> [SUPPLIED DATA]:
━━━━━━━━━━━━━━━━

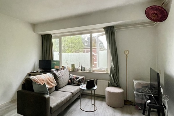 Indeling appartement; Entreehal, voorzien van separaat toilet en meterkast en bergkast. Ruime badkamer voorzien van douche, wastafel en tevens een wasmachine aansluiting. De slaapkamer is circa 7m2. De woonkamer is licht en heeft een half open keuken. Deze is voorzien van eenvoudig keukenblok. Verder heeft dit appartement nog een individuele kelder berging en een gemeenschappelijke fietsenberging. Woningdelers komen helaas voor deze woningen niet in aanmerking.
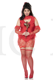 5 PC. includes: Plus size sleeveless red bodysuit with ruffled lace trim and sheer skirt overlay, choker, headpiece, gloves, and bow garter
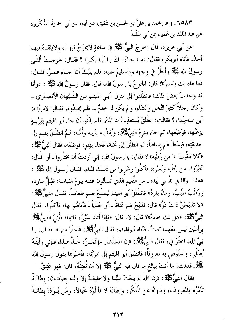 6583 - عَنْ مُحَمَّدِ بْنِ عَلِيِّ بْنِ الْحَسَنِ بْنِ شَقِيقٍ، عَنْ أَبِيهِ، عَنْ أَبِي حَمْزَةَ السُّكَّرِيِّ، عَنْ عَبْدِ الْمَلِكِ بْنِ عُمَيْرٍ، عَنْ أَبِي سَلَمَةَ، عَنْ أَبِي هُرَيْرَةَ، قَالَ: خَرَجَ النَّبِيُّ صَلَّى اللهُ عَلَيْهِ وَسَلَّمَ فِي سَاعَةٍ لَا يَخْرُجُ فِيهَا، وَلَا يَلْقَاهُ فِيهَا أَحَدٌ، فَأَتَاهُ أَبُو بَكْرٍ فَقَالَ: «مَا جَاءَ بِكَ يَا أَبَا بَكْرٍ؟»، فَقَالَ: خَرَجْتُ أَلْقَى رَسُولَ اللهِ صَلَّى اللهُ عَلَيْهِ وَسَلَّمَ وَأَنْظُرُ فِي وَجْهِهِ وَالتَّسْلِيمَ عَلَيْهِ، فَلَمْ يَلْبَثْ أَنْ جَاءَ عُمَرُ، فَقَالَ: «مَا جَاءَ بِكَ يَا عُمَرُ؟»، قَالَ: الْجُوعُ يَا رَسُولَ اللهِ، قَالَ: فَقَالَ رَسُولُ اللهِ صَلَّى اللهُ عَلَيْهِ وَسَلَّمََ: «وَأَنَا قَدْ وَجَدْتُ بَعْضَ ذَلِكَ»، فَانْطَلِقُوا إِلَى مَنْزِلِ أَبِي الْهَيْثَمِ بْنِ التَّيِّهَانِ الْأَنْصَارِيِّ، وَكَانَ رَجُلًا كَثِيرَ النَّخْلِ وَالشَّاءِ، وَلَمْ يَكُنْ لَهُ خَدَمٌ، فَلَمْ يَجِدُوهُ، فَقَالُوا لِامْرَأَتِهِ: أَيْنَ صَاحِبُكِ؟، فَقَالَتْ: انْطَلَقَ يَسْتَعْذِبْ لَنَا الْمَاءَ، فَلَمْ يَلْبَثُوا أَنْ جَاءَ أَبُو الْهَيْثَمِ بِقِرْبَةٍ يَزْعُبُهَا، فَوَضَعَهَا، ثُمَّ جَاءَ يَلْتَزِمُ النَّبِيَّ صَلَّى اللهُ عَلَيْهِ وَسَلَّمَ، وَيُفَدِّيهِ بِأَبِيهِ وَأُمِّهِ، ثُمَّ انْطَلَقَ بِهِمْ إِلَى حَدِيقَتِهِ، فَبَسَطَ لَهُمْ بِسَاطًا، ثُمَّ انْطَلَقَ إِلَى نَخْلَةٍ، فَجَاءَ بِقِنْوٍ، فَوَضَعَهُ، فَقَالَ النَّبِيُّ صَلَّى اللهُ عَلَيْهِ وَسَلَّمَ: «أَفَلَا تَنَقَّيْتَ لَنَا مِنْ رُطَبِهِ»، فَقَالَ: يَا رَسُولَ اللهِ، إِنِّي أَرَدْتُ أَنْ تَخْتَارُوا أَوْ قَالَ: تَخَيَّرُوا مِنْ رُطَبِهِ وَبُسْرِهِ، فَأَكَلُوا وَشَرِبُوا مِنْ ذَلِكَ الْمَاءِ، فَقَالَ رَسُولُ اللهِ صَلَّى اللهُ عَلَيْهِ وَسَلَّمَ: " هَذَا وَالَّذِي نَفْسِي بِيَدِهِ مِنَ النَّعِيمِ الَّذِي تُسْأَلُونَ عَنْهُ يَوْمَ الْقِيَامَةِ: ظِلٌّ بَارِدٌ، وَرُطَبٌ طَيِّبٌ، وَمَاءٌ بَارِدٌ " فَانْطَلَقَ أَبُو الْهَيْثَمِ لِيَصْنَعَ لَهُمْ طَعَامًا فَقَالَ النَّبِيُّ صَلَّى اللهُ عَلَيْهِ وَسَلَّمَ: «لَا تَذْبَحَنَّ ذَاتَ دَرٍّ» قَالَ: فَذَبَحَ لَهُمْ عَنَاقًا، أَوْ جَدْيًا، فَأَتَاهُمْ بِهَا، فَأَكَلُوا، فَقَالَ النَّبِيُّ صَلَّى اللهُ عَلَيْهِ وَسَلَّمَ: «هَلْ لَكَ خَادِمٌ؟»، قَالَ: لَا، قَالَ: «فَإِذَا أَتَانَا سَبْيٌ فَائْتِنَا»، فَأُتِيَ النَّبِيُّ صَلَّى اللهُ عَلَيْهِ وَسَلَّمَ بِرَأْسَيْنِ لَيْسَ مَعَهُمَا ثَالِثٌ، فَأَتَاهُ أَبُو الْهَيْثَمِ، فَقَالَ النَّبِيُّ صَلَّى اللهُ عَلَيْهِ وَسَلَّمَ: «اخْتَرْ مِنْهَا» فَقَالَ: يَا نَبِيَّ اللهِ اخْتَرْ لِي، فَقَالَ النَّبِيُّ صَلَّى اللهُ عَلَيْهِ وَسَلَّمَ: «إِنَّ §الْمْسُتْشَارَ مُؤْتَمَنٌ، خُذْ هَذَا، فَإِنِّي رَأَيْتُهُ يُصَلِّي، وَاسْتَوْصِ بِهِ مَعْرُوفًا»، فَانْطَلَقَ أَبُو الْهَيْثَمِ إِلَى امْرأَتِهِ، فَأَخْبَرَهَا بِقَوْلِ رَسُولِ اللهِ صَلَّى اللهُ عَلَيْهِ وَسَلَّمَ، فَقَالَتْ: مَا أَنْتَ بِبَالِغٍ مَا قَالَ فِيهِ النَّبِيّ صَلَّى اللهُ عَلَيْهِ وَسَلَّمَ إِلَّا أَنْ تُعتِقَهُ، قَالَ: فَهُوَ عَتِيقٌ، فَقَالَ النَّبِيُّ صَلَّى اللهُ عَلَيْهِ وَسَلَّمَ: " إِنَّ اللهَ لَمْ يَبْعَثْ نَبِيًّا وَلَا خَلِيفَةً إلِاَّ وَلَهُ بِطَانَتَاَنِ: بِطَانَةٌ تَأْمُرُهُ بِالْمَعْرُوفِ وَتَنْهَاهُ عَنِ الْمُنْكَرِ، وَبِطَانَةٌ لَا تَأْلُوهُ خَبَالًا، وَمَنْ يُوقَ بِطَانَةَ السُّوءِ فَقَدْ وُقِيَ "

━━━━━━━━━━━━━━━━

> [WORK TO BE COMPLETED]: Return the listing unchanged, but drop every picture.

> [ANSWER SPACE]:
 Indeling appartement; Entreehal, voorzien van separaat toilet en meterkast en bergkast. Ruime badkamer voorzien van douche, wastafel en tevens een wasmachine aansluiting. De slaapkamer is circa 7m2. De woonkamer is licht en heeft een half open keuken. Deze is voorzien van eenvoudig keukenblok. Verder heeft dit appartement nog een individuele kelder berging en een gemeenschappelijke fietsenberging. Woningdelers komen helaas voor deze woningen niet in aanmerking.
 5 PC. includes: Plus size sleeveless red bodysuit with ruffled lace trim and sheer skirt overlay, choker, headpiece, gloves, and bow garter
 6583 - عَنْ مُحَمَّدِ بْنِ عَلِيِّ بْنِ الْحَسَنِ بْنِ شَقِيقٍ، عَنْ أَبِيهِ، عَنْ أَبِي حَمْزَةَ السُّكَّرِيِّ، عَنْ عَبْدِ الْمَلِكِ بْنِ عُمَيْرٍ، عَنْ أَبِي سَلَمَةَ، عَنْ أَبِي هُرَيْرَةَ، قَالَ: خَرَجَ النَّبِيُّ صَلَّى اللهُ عَلَيْهِ وَسَلَّمَ فِي سَاعَةٍ لَا يَخْرُجُ فِيهَا، وَلَا يَلْقَاهُ فِيهَا أَحَدٌ، فَأَتَاهُ أَبُو بَكْرٍ فَقَالَ: «مَا جَاءَ بِكَ يَا أَبَا بَكْرٍ؟»، فَقَالَ: خَرَجْتُ أَلْقَى رَسُولَ اللهِ صَلَّى اللهُ عَلَيْهِ وَسَلَّمَ وَأَنْظُرُ فِي وَجْهِهِ وَالتَّسْلِيمَ عَلَيْهِ، فَلَمْ يَلْبَثْ أَنْ جَاءَ عُمَرُ، فَقَالَ: «مَا جَاءَ بِكَ يَا عُمَرُ؟»، قَالَ: الْجُوعُ يَا رَسُولَ اللهِ، قَالَ: فَقَالَ رَسُولُ اللهِ صَلَّى اللهُ عَلَيْهِ وَسَلَّمََ: «وَأَنَا قَدْ وَجَدْتُ بَعْضَ ذَلِكَ»، فَانْطَلِقُوا إِلَى مَنْزِلِ أَبِي الْهَيْثَمِ بْنِ التَّيِّهَانِ الْأَنْصَارِيِّ، وَكَانَ رَجُلًا كَثِيرَ النَّخْلِ وَالشَّاءِ، وَلَمْ يَكُنْ لَهُ خَدَمٌ، فَلَمْ يَجِدُوهُ، فَقَالُوا لِامْرَأَتِهِ: أَيْنَ صَاحِبُكِ؟، فَقَالَتْ: انْطَلَقَ يَسْتَعْذِبْ لَنَا الْمَاءَ، فَلَمْ يَلْبَثُوا أَنْ جَاءَ أَبُو الْهَيْثَمِ بِقِرْبَةٍ يَزْعُبُهَا، فَوَضَعَهَا، ثُمَّ جَاءَ يَلْتَزِمُ النَّبِيَّ صَلَّى اللهُ عَلَيْهِ وَسَلَّمَ، وَيُفَدِّيهِ بِأَبِيهِ وَأُمِّهِ، ثُمَّ انْطَلَقَ بِهِمْ إِلَى حَدِيقَتِهِ، فَبَسَطَ لَهُمْ بِسَاطًا، ثُمَّ انْطَلَقَ إِلَى نَخْلَةٍ، فَجَاءَ بِقِنْوٍ، فَوَضَعَهُ، فَقَالَ النَّبِيُّ صَلَّى اللهُ عَلَيْهِ وَسَلَّمَ: «أَفَلَا تَنَقَّيْتَ لَنَا مِنْ رُطَبِهِ»، فَقَالَ: يَا رَسُولَ اللهِ، إِنِّي أَرَدْتُ أَنْ تَخْتَارُوا أَوْ قَالَ: تَخَيَّرُوا مِنْ رُطَبِهِ وَبُسْرِهِ، فَأَكَلُوا وَشَرِبُوا مِنْ ذَلِكَ الْمَاءِ، فَقَالَ رَسُولُ اللهِ صَلَّى اللهُ عَلَيْهِ وَسَلَّمَ: " هَذَا وَالَّذِي نَفْسِي بِيَدِهِ مِنَ النَّعِيمِ الَّذِي تُسْأَلُونَ عَنْهُ يَوْمَ الْقِيَامَةِ: ظِلٌّ بَارِدٌ، وَرُطَبٌ طَيِّبٌ، وَمَاءٌ بَارِدٌ " فَانْطَلَقَ أَبُو الْهَيْثَمِ لِيَصْنَعَ لَهُمْ طَعَامًا فَقَالَ النَّبِيُّ صَلَّى اللهُ عَلَيْهِ وَسَلَّمَ: «لَا تَذْبَحَنَّ ذَاتَ دَرٍّ» قَالَ: فَذَبَحَ لَهُمْ عَنَاقًا، أَوْ جَدْيًا، فَأَتَاهُمْ بِهَا، فَأَكَلُوا، فَقَالَ النَّبِيُّ صَلَّى اللهُ عَلَيْهِ وَسَلَّمَ: «هَلْ لَكَ خَادِمٌ؟»، قَالَ: لَا، قَالَ: «فَإِذَا أَتَانَا سَبْيٌ فَائْتِنَا»، فَأُتِيَ النَّبِيُّ صَلَّى اللهُ عَلَيْهِ وَسَلَّمَ بِرَأْسَيْنِ لَيْسَ مَعَهُمَا ثَالِثٌ، فَأَتَاهُ أَبُو الْهَيْثَمِ، فَقَالَ النَّبِيُّ صَلَّى اللهُ عَلَيْهِ وَسَلَّمَ: «اخْتَرْ مِنْهَا» فَقَالَ: يَا نَبِيَّ اللهِ اخْتَرْ لِي، فَقَالَ النَّبِيُّ صَلَّى اللهُ عَلَيْهِ وَسَلَّمَ: «إِنَّ §الْمْسُتْشَارَ مُؤْتَمَنٌ، خُذْ هَذَا، فَإِنِّي رَأَيْتُهُ يُصَلِّي، وَاسْتَوْصِ بِهِ مَعْرُوفًا»، فَانْطَلَقَ أَبُو الْهَيْثَمِ إِلَى امْرأَتِهِ، فَأَخْبَرَهَا بِقَوْلِ رَسُولِ اللهِ صَلَّى اللهُ عَلَيْهِ وَسَلَّمَ، فَقَالَتْ: مَا أَنْتَ بِبَالِغٍ مَا قَالَ فِيهِ النَّبِيّ صَلَّى اللهُ عَلَيْهِ وَسَلَّمَ إِلَّا أَنْ تُعتِقَهُ، قَالَ: فَهُوَ عَتِيقٌ، فَقَالَ النَّبِيُّ صَلَّى اللهُ عَلَيْهِ وَسَلَّمَ: " إِنَّ اللهَ لَمْ يَبْعَثْ نَبِيًّا وَلَا خَلِيفَةً إلِاَّ وَلَهُ بِطَانَتَاَنِ: بِطَانَةٌ تَأْمُرُهُ بِالْمَعْرُوفِ وَتَنْهَاهُ عَنِ الْمُنْكَرِ، وَبِطَانَةٌ لَا تَأْلُوهُ خَبَالًا، وَمَنْ يُوقَ بِطَانَةَ السُّوءِ فَقَدْ وُقِيَ "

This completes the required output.